▶ _WORK INSTRUCTIONS_: From the records below, output exactly the lines running from the line containing "Božićni koncert „Božić" through the line containing "A Pair of 18", and no others.

[EXERCISE DATA — start]

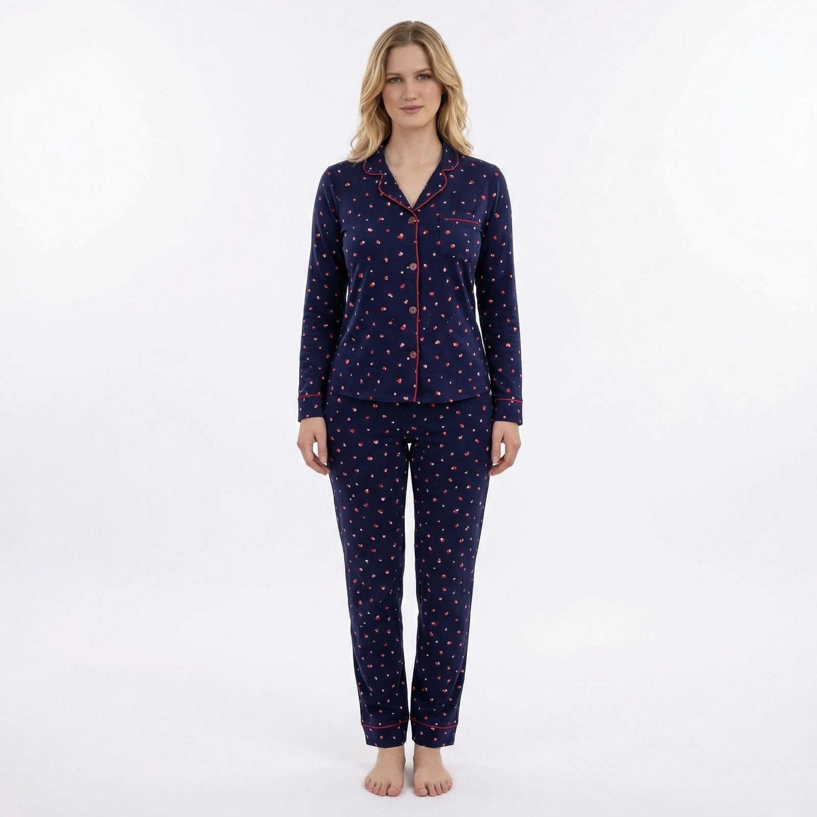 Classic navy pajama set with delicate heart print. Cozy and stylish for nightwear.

[EXERCISE DATA — finish]
[EXERCISE DATA — start]

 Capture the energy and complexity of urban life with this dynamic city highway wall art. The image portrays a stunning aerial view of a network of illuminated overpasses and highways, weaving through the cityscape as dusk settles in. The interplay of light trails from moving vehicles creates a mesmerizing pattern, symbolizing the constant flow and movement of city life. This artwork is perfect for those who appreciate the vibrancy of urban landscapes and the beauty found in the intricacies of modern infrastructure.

[EXERCISE DATA — finish]
[EXERCISE DATA — start]

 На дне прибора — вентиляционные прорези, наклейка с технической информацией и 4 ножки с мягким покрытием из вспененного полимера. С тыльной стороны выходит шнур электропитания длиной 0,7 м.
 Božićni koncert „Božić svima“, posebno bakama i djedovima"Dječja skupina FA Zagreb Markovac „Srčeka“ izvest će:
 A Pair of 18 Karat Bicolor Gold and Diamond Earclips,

[EXERCISE DATA — finish]

▶ _TASK SOLUTION_:
 Božićni koncert „Božić svima“, posebno bakama i djedovima"Dječja skupina FA Zagreb Markovac „Srčeka“ izvest će:
 A Pair of 18 Karat Bicolor Gold and Diamond Earclips,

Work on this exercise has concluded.